I will check the pipe size and pressure then I get some more free time:)
Regarding the tank, it's usually sized for 12 hour consumption, however since there is abundant water available, I was thinking that perhaps I don't need a storage tank, just a large well/spring catchment.
Then I found this document which is quite good.
It has sizing requirements for header tank to get rid of possible sand from the water, so I will have to take a look at that.
I will post again when I have found modeled this better[pipe]
 
Yes, at the very least, you will need a trash, bugs, frogs, fish, leaf screen and settling tank.
You may also want to include some air valves and flush outs at key locations.

Seasonal usage is also not ideal, as the water standing in the .pipe can go stagnant if it ages, grow bacteria and collect sediment..


Some more suggestions here



 
1503-44 (Petroleum) said:
Just a well known fact. Average usage in the US is 75 to 180gal/pp/d
Google it and you can see 76 to 200 gal/pp/d without opening any url.
I'm OK with yor 100 gal/pp/d number, presuming you have data for your country.
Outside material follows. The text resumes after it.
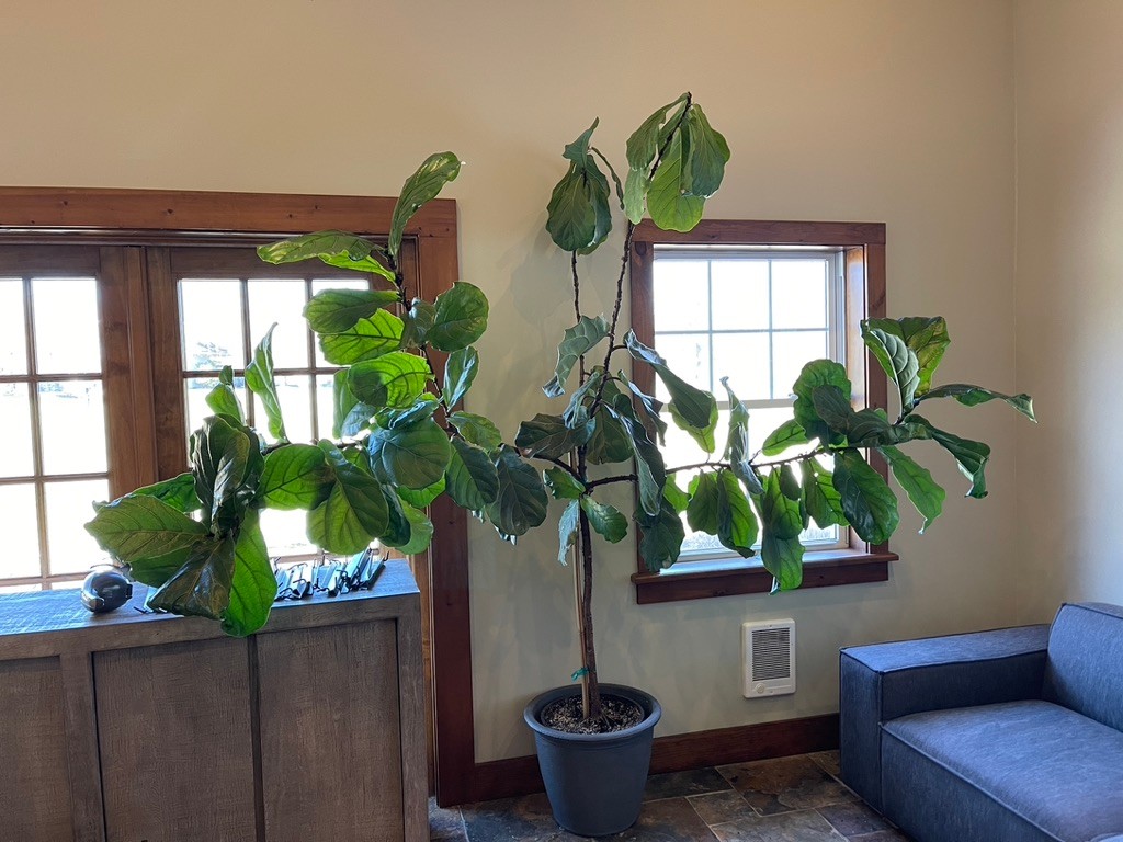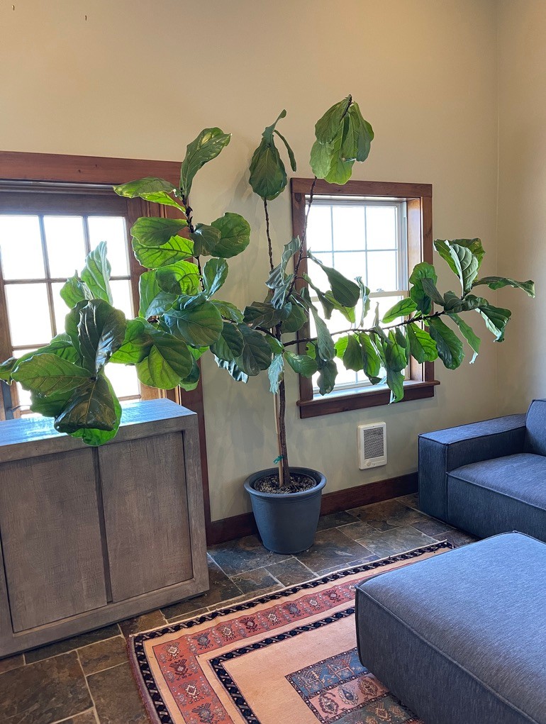 Striking live fiddle leaf fig tree featuring large, sculptural leaves and a natural branching form. Known for its bold presence and modern appeal, this popular indoor plant makes an eye-catching statement in any room.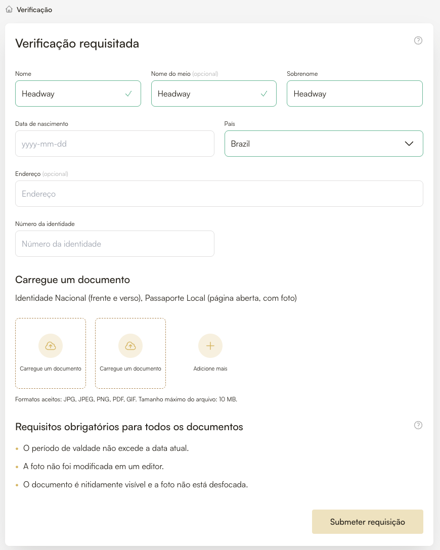 Notas: * O documento carregado deve conter o nome completo do cliente.

The average water usage in the United States has decreased over the years and is less than those quoted figures. The average water usage is 40 to 60 gals/pp/d. Unless you have some type of lawn watering or other irrigation going on. Also, the average residence typically has 3.5 persons.

Each house should have a service line consisting of a 1-Inch diameter pipe.

The water piping should be sized for peak flow. Peak flow is the hourly flow, not the daily average flow. Peak flow is difficult to determine with such a small system, but is typically 4-7 times the daily average flow.
 
Average consumption data for anything based on 300MM people probably shouldn't be used as a design value for anything either, but in any case, especially water consumption, there's no substitute for accurate local data.

 
You could also consider a break-pressure tank instead of the pressure control valves as it is generally simpler and has less moving parts. This would be a small tank 5m3 (others can give their advise. Have seen them much smaller too) and positioned at N6 would give 4bar at n7

the main pipe would be from N5 to N8 with a tee off to the second tank at N6 (or lower down)this second tank would fill up and when full just have a float valve to shut it off. The pressure will then be measured between this tank and N7 and not N5 and N7.
Could possibly do something similar between N5 and N6 to reduce pressure at N8
 
If no or little storage capacity is needed, it might be be small. With no level control valve to keep from overfilling it, it could be huge. Either way, you need at least one control valve for something. Pressure control, or level.